Turn Right at Mottram Roundabout - Episode 39

Wed 19th April 2017 | General
By Stewart Taylor

Our destination in Episode 38 was Charnock Richard.

The photo shows the refreshment facilities at the pitchside on a cold but sunny winter’s afternoon.

The quick link asked what links a footballer who made 115 appearances for Crewe Alexandra between 1996 and 2002, one of three English kings and this club?

The footballer is Phil Charnock and there were three kings of England called Richard. Hence, Charnock Richard.

“Time and tide wait for no man” is an ancient proverb. The origins are not entirely clear although some references attribute it to Geoffrey Chaucer which dates it to the 14th century. This post-dates the lifetime of King Canute (990 - 1035) who, legend has it, tried to turn back the tide.

As is often the case, modern day understanding of things is not entirely what was intended at the time. Indeed, the legend of King Canute as it relates to the tide indicates that Canute was explaining the futility of trying to turn back the tide in a reference to the inevitability of time.

This comes from the idea that the words “time” and “tide” were simply derivations of the same word – Germanic – both meaning time.

Readers will be wondering why the opening paragraph this week seems to have no relevance to the general subject matter of these sometime lyrical pieces but, as ever perhaps, all will become clear. We travel this week to a market town which is the oldest continually habited town in the county.

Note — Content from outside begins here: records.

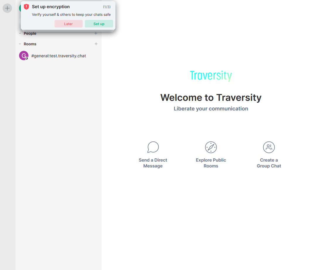 Element is the name of the secure chat client that we support and recommend for use. This is an open source application and is free to use. It has a highly active development community and the parent company which develops Element has received investment ensuring a healthy roadmap of features and ongoing support to the wider community. Since Element is essentially a stand-alone application it is not fully embedded into Traversity. This is an intentional design decision to enable what we believe is a superior user experience and better access to advanced features. This does mean that in some cases, such as logging in, you may be asked to enter credentials or connection information.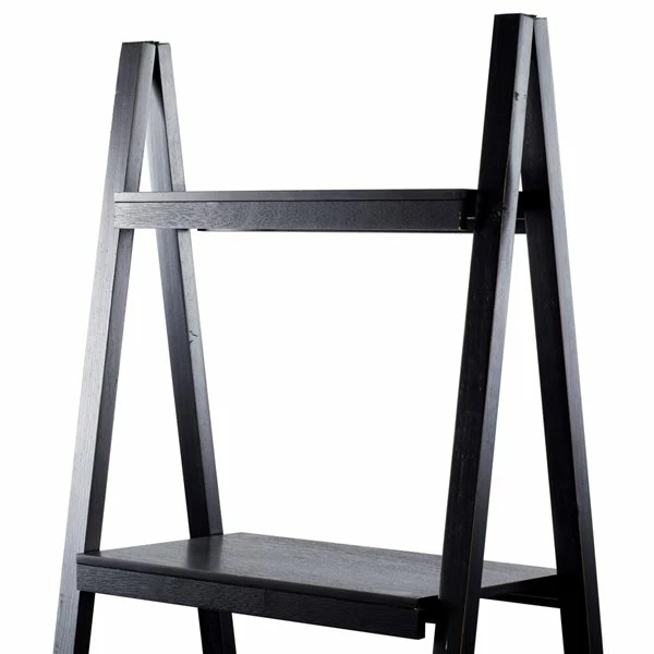 - Black frame and wooden shelves in varying sizes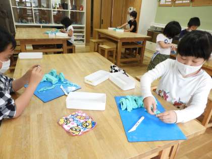 ねんどのひもで,面白い模様や形が出来上がりました。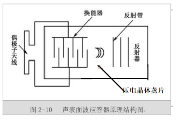 聲表面波應(yīng)答器的基本結(jié)構(gòu)如圖2-10所示,長長的一條壓電晶體基片的端部有指狀電極結(jié)構(gòu);ǔ2捎檬⑩壦徜嚮蜚g酸鋰等壓電材料制作,指狀電極電聲轉(zhuǎn)換器(換能器)。在壓電基片的導(dǎo)電板上附有偶極子天線,其工作頻率和讀寫器的發(fā)送頻率一致。在應(yīng)答器的剩余長度安裝了反射器,反射器的反射帶通常由鋁制成。

Some describe this town as the home of tower clocks.

The reason for this description lies in the establishment in the town of the firm of clockmakers who moved premises to this town from a nearby village in 1790. The company holds the disputed claim of being the oldest tower clock makers in the world with origins going back to 1690. The company were responsible for many famous clocks housed in clock towers around the world.

We have referred in previous Episodes to the Royal Exchange Building in Manchester and, here again, we can see an example of supporting local industry as the clock in the clock tower at this imposing building was supplied by this firm. The company was sold to a fellow clockmaker in 1964.

The history of the development of clocks in the town is a highlight of a visit to the local Heritage Centre. Other exhibitions feature the life and times of a couple of notable people associated with the town – Randolph Caldecott and Edward German.

However, the Heritage Centre has very limited opening hours so careful planning is required to schedule a visit here.

Devotees of antiques programmes on daytime TV will be aware of Christina Trevanion who is a partner in a firm of auctioneers which now occupy the impressive clock factory which was the final home of those legendary clockmakers. This is a superb red brick building, built in 1904, which, not surprisingly, features a clock in its façade.

On the broader front, the town hosts a regular Friday morning market and a monthly farmer’s market featuring a wide array of local produce and products. There are a number of arts based societies in the town along with a range of sporting activities including walking football sessions held at the Civic Centre Sports Hall.

As with many of our clubs, the one we are visiting today has seen players on its books move on to play at higher level. One such was Stuart Mason who, in a playing career spanning over 20 years, went from this club to feature prominently for two local football league sides. The club began just after the Second World War and having started in local leagues gained much success in its first three decades.

A change of policy to use only local players proved to be somewhat misguided as results declined to such a level that the policy was quickly changed and more success was to follow. The club joined the NWCFL relatively recently but did not have the best of fortunes in their first season.

However, the tide has now turned and with consistently good attendances at the ground it is hoped that the current momentum can be built on to underpin future good times. Incidentally, the ground is less than a mile from the local railway station so ideal for a “train away day” as many groups of supporters like to experience from time to time.

But to go back to the theme of time and, notwithstanding television programmes which involve such, don’t we all wish we could turn back the tide (time) sometimes and re-visit the enthusiasm of youth with the wisdom of older age – just a thought!

Quick link - What links this club with a gritstone pillar located on a hill close to Wirksworth in Derbyshire?